A simpler checkpoint strategy is to save the model weights to the same file, if and only if the validation accuracy improves. This can be done quickly using the same code from above and changing the output filename to be fixed (not include score or epoch information). In this case, model weights are written to the file `weights.best.hdf5` only if the classification accuracy of the model on the validation dataset improves over the best seen so far.

In [None]:
import tensorflow as tf

# MLP for Pima Indians Dataset Serialize to JSON and HDF5
from tensorflow.keras.models import Sequential
from tensorflow.keras.layers import Dense
from tensorflow.keras.callbacks import ModelCheckpoint

import numpy

# fix random seed for reproducibility
seed = 7
numpy.random.seed(seed)

# load pima indians dataset
dataset = numpy.loadtxt("../../datasets/pima-indians-diabetes.data.csv", delimiter=",")

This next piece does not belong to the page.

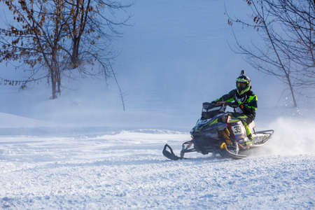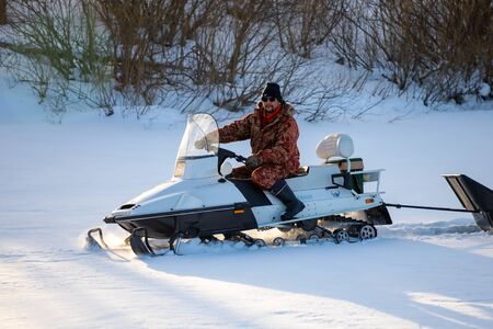 Kemerovo, Russia - 23.02.2019: Rider on the snowmobile in nature of Siberia in Russia

# split into input (X) and output (Y) variables
X = dataset[:,0:8]
Y = dataset[:,8]

# create model
model = Sequential()
model.add(Dense(12, input_dim=8, kernel_initializer='uniform', activation='relu'))
model.add(Dense(8, kernel_initializer='uniform', activation='relu'))
model.add(Dense(1, kernel_initializer='uniform', activation='sigmoid'))

# Compile model
model.compile(loss='binary_crossentropy', optimizer='adam', metrics=['accuracy'])

# checkpoint
filepath="weights.best.hdf5"
checkpoint = ModelCheckpoint(filepath, monitor='val_accuracy', verbose=1, save_best_only=True,
mode='max')
callbacks_list = [checkpoint]

Running this example provides the following output (truncated for brevity):

In [None]:
# Fit the model
model.fit(X, Y, validation_split=0.33, epochs=150, batch_size=10, callbacks=callbacks_list,
verbose=0)

You should see the weight file in your local directory.

`weights.best.hdf5`

## Loading a Saved Neural Network Model

Now that you have seen how to checkpoint your deep learning models during training, you need to review how to load and use a checkpointed model. The checkpoint only includes the model weights. It assumes you know the network structure. This too can be serialized to file in JSON or YAML format. In the example below, the model structure is known, and the best weights are loaded from the previous experiment, stored in the working directory in the `weights.best.hdf5` file. The model is then used to make predictions on the entire dataset.

In [None]:
import tensorflow as tf

# MLP for Pima Indians Dataset Serialize to JSON and HDF5
from tensorflow.keras.models import Sequential
from tensorflow.keras.layers import Dense

import numpy

# fix random seed for reproducibility
seed = 7
numpy.random.seed(seed)

# create model
model = Sequential()
model.add(Dense(12, input_dim=8, kernel_initializer='uniform', activation='relu'))
model.add(Dense(8, kernel_initializer='uniform', activation='relu'))
model.add(Dense(1, kernel_initializer='uniform', activation='sigmoid'))

# load weights
model.load_weights("weights.best.hdf5")

# Compile model (required to make predictions)
model.compile(loss='binary_crossentropy', optimizer='adam', metrics=['accuracy'])
print("Created model and loaded weights from file")

# load pima indians dataset
dataset = numpy.loadtxt("../../datasets/pima-indians-diabetes.data.csv", delimiter=",")

# split into input (X) and output (Y) variables
X = dataset[:,0:8]
Y = dataset[:,8]

Running the example produces the following output:

In [None]:
# estimate accuracy on whole dataset using loaded weights
scores = model.evaluate(X, Y, verbose=0)
print("%s: %.2f%%" % (model.metrics_names[1], scores[1]*100))

## Summary

In this lesson, you have discovered the importance of checkpointing deep learning models for long training runs. You learned:

* How to use Keras to checkpoint each time an improvement to the model is observed.
* How to only checkpoint the very best model observed during training.
* How to load a checkpointed model from a file and use it later to make predictions.